Egyptian security forces have attacked student protesters at universities across the country, tightening their crackdown on student activism.
Clashes erupted on different university campuses following assaults by security forces on the demonstrators demanding the release of fellow students arrested in previous anti-government protests.
Security forces arrested five people at Cairo University, where the Students Against the Coup movement was holding a protest march to censure the deployment of forces at the entrance to the institution.
At Al-Azhar University, the security forces fired tear gas at protesters in a bid to disperse them, while skirmishes broke out at Ain Shams University in the east of the capital and also at Helwan University in a southern district of the city.
Students in the northern city of Alexandria, meanwhile, set fire to the entrance to a college to protest against the detention of one of their classmates.
Mohamed Atef, the president of the student union at Al-Azhar University, said the police had stormed his family home in Assiut on Monday looking for him and had nabbed his brother.

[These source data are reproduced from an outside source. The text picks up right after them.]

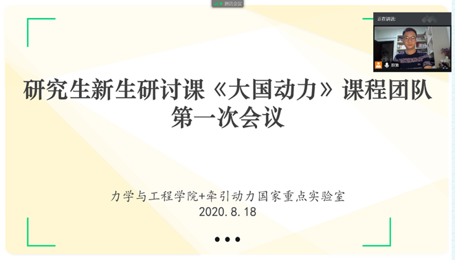 为加强课程建设,《大国动力》课程团队于8月19日晚上8:00-10:00以线上会议的形式举行了第一次会议。牵引动力国家重点实验室党委副书记、副主任王锋、党委副书记李莹、教师朱涛、罗仁、陶功权、赵鑫、李向蔚、余卉、柴一菲和力学与工程学院党委副书记孔祥彬、副院长阚前华、教师刘金铃、张旭、苗鸿臣、张英蓉、刘科宏参加了会议,会议由孔祥彬主持。
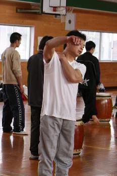 発表曲は左手でバチを抱え 「うりゃー」で終わります。 |
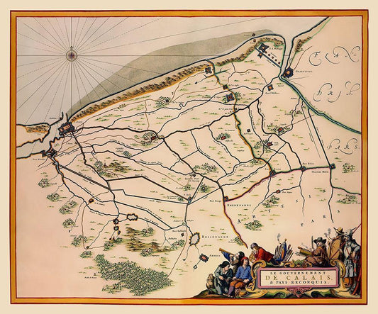 Calais Region France - Blaeu 1662 White Modern Wood Framed Art Print with Double Matting by Blaeu
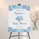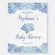 This baby shower poster features blue hydrangea flowers. Personalize it with a name and date. This poster is part of a collection featuring a full range of matching baby shower products.
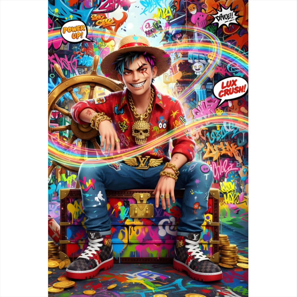 Dieses beeindruckende Wandbild vereint urbanes Graffiti mit lebendigen Cartoon-Elementen und schafft so eine dynamische und energiegeladene Atmosphäre. Im Vordergrund steht eine markante Figur mit einem ausdrucksstarken Gesichtsausdruck, die von einer Vielzahl an grafischen Elementen und stilisierten Schriftzügen umgeben ist. Die Komposition ist geprägt von einer Vielzahl an Details, die das Auge des Betrachters immer wieder auf neue Entdeckungen stoßen lassen. Der Hintergrund ist reich an texturierten Schichten und bietet eine Tiefe, die den Raum zum Leben erweckt. Moderne und traditionelle Kunststile verschmelzen hier zu einem einzigartigen visuellen Erlebnis, das sowohl Ausdruckskraft als auch Kreativität verkörpert. Die Szene strahlt eine jugendliche und rebellische Stimmung aus, die perfekt in moderne Wohn- und Arbeitsbereiche passt. Die Materialanmutung des Bildes vermittelt einen Hauch von Street Art, während die klaren Linien und Formen für eine moderne Ästhetik sorgen. Ideal für alle, die ihren Raum mit einem Hauch von Individualität und stilvollem Flair bereichern möchten.
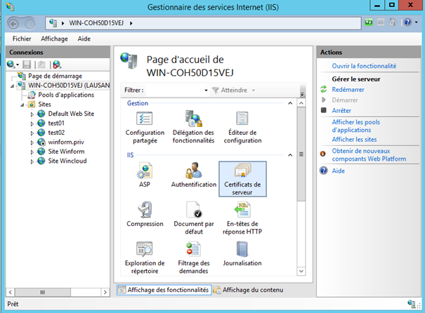 Dans le gestionnaire de services Internet ( IIS ), sélectionnez votre serveur IIS et cliquez sur Certificats de serveur.

More than 90 students have been arrested in Egypt since Friday, according to the Association for Freedom of Thought and Expression, amid efforts by the authorities to squash a renewed wave of opposition protests around the country.
Egypt’s university campuses have witnessed regular protest rallies since the military ouster of the country’s first democratically-elected President Mohamed Morsi in July 2013.
More than 1,000 students have been arrested since the government launched a crackdown on pro-Morsi supporters, many of whom have been given harsh jail terms in mass trials. Officials also say more than 500 students were expelled or suspended for “rioting.”